The board argued in the filing that the bonuses were necessary to retain the management team and keep them motivated “through the volatile and uncertain environment affecting the retail industry” right now and that they came with strings attached. Under the agreement, the four executives will have to repay 80 percent of the bonuses if they are “fired for cause” or resign before January 31, 2021. They will also have to repay the other 20 percent unless meeting specific performance goals.
In addition, the executives were required to forfeit the right to all annual bonus plans and long-term incentive awards for the current fiscal year, as well as outstanding equity or options from past award plans. But, as CNN Business noted, those annual bonuses are likely gone for the year anyway “considering the company’s financial problems, and any holders of JCPenney equity are likely to be wiped out in a bankruptcy filing.”
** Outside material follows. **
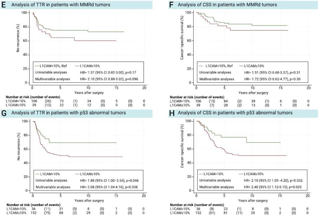 在这项纳入大样本高危患者的队列研究中,L1CAM表达水平与手术分期、LVSI、手术时年龄、组织学类型及分级、辅助治疗方案、盆腔淋巴结分期清扫术均为强效预后因素。在TTR和CSS的单因素分析中,ProMisE分子分型具有统计学意义;在TTR的多因素分析中,该分型也具有统计学意义,但这一意义仅在模型未纳入L1CAM表达水平时存在。在排除POLE突变型的MMRp肿瘤患者中,研究观察到p53异常与L1CAM高表达呈显著正相关,这与既往研究结果一致。本研究证实,无论在p53异常组还是NSMP组中,L1CAM表达水平均具有独立预后价值。p53异常且L1CAM高表达的患者远处转移发生率为40%,而p53异常且L1CAM低表达的患者远处转移发生率仅为22%。NSMP组中L1CAM高表达的患者占比相对较低,但该表达特征仍与较高的远处复发率相关。已有大量研究证实,L1CAM高表达与盆腔淋巴结转移及远处转移密切相关。本研究队列中患者的盆侧壁复发率较低,这可能与大部分患者均接受了淋巴结分期清扫术有关。远处转移患者预后极差,而阴道/盆腔中央区复发的患者通常可通过放疗实现挽救性治疗,尤其是在初次确诊时不伴高危因素的患者中,放疗疗效更为显著。正是由于L1CAM高表达的肿瘤具有较强的转移潜能,该指标才成为预测TTR缩短及CSS降低的主导因素。

JCPenney furloughed the majority of its store workers and some corporate employees in early April as stores temporarily shuttered amid the pandemic. “We are making tough, prudent decisions to protect both the safety of our associates and the future of our company,” CEO Soltau said in an announcement dated March 31.
More jobs are likely to get slashed at JCPenney when Chapter 11 restructuring comes in. If that’s the case, newly laid-off employees may receive smaller severance packages (or none at all) since bankruptcy laws require companies to pay creditors before employees.